It was there that he first raped her. To celebrate, he bought her an event sweater and even gave her a belt buckle with the date of their “first time” engraved on it. Despite thinking she was in love, Annemarie remembers not enjoying the sex. But desperate to please him, and worried he’d think her immature, she concealed her distress.

Thereafter, he expected sex. They’d ride together, then he’d rape her, usually in his bakkie. Looking back, Annemarie recalls a photo taken at the time of a petite teen with braces on her teeth standing next to a man old enough to be her father, a man that she continued to call “Oom” even after they started having sex because, he said, it was how they would “keep their secret”.

It seems alien to her now, but she’s troubled by how convinced she was that they had a relationship. His grooming was so successful that despite the absurdity of the image, she still feels complicit.

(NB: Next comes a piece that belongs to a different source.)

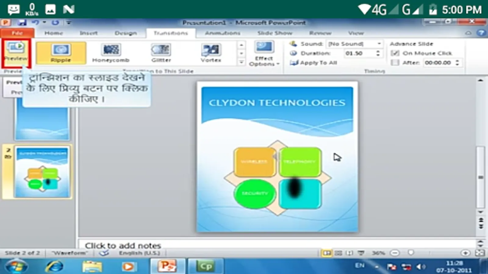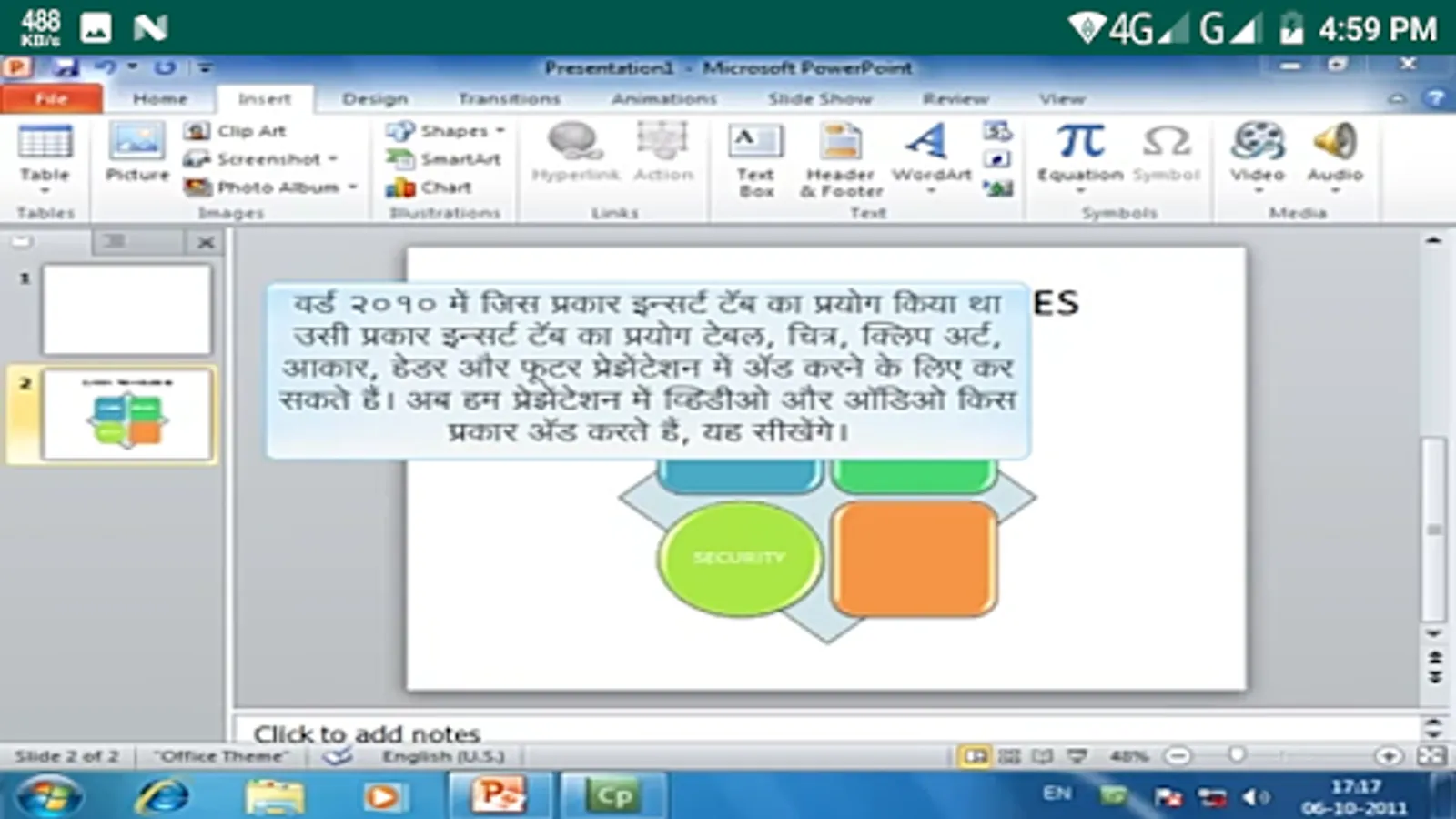 अॅड अनीमेशन कॉपी और रिअरेंज इन्सर्ट पिक्चर स्लाईड मास्टर स्लाईड शो सेव और सेंड के बारे में भाग २ में सिखिये ।

Isolated and unable to confide in her parents or friends about what was happening in his bakkie, or the drives to the clinic for emergency contraceptives thereafter, Annemarie watched other children her age date and fall in love, envying the openness and celebratory nature of their relationships. But after the initial thrill of secrecy, accompanied by the conviction that she was loved and that she was the only one who understood him, the certainty that he wanted to start a new life with her began to ebb away, replaced by overwhelming loneliness and loss.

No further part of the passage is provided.